Faut-il y voir un effet Trump ? Les banques membres de la Net-Zero Banking Alliance (NZBA), programme onusien de neutralité carbone, ont revu à la baisse leurs ambitions communes, dans un contexte moins favorable pour le climat en Europe et aux États-Unis.
"Les membres de la NZBA ont fixé de nouvelles priorités en réponse à l'évolution des circonstances extérieures et des besoins des membres", explique mardi l'alliance dans un communiqué.
Sous couvert de "flexibilité", la NZBA a opéré une mise à jour sémantique diluant son objectif initial: les "directives" deviennent de simples "orientations" quand les "exigences" sont remplacées par des "recommandations".
L'objectif de limitation du réchauffement à 1,5°C d'ici 2050, repris de l'Accord de Paris sur le climat, est par ailleurs remplacé par "bien en-dessous de 2°, en s'efforçant (d'atteindre) 1,5°".
"Nous voulons continuer à soutenir l'Accord de Paris", a cependant assuré à l'AFP Shargiil Bashir, un des responsables de la NZBA, aussi chargé du développement durable au sein de First Abu Dhabi Bank.
Lancée en 2021 dans le cadre de l'Initiative financière du programme des Nations unies pour l'environnement (UNEP-FI), afin d'inciter les banques à porter en priorité leurs efforts sur les secteurs les plus émetteurs de gaz à effet de serre et à jouer un rôle clé dans la transition vers une économie neutre en carbone, la NZBA a d'abord attiré vers elle les établissements bancaires du monde entier, jusqu'à approcher les 150 membres.

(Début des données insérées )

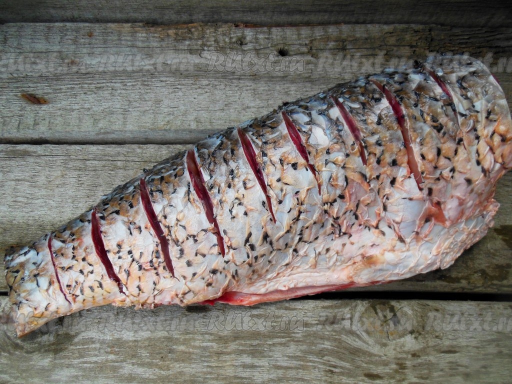 Промойте рыбу в холодной воде, снимите чешую (мне очистили чешую на рынке).

La tendance s'est inversée en fin d'année dernière, après l'élection à la présidence des États-Unis de Donald Trump, qui a notamment promis de "forer à tout-va", une formule devenue un de ses slogans de campagne ("We will drill, baby, drill").
Six grandes banques américaines ont quitté la NZBA dans la foulée: Goldman Sachs, Wells Fargo, Citi, Bank of America, Morgan Stanley et JPMorgan Chase.
Elles ont été suivies depuis janvier par des banques canadiennes, dont RBC, et japonaises, comme Sumitomo Mitsui Financial Group et Mizuho, réduisant le nombre actuel de membres à 128.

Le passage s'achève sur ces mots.